Klar, ein Roboter ist kein Mensch. Manchmal kann dies aber auch ein Vorteil sein. Beispielsweise ist ein Roboter unendlich geduldig und wird nicht böse, wenn er etwas 50 Mal sagen muss. Manche Menschen fühlen sich dadurch weniger gestresst und verbessern so wieder ihre Kommunikationsfähigkeiten.

Als Entwickler*innen entscheiden wir, wie robotische Systeme gestaltet werden. Ein besonders wichtiges Ziel dabei ist, dass Roboter Menschen in ihrem Alltag unterstützten. Sie sollen daher die Menschen nicht kontrollieren sondern ihnen ganz im Gegenteil eine eigenständige Lebensweise ermöglichen.

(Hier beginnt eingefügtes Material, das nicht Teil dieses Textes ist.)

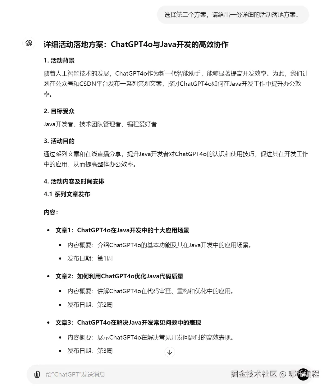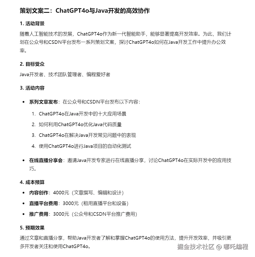 Prompt:ChatGPT4o时代已经来临,请策划三个与ChatGPT4o如何提高办公工作效率的策划文案,要求如下:1. 从事Java开发工作。2. 发布平台为公众号和CSDN。3. 活动整体成本不超过1万元

Roboter werden Menschen in naher Zukunft nicht ersetzen können und dies ist auch nicht primäres Ziel der aktuellen Entwicklung robotischer Systeme für die Pflege. Um die Qualität in der Pflege trotz steigender Anzahl an pflegebedürftigen Personen aufrecht zu erhalten, ist eine Unterstützung von Pflegekräften durch robotische Systeme ein Lösungsweg an dem geforscht wird. Dadurch hat das Pflegepersonal mehr Zeit, sich um Belange zu kümmern, bei denen menschliche Fähigkeiten erforderlich und notwendig sind.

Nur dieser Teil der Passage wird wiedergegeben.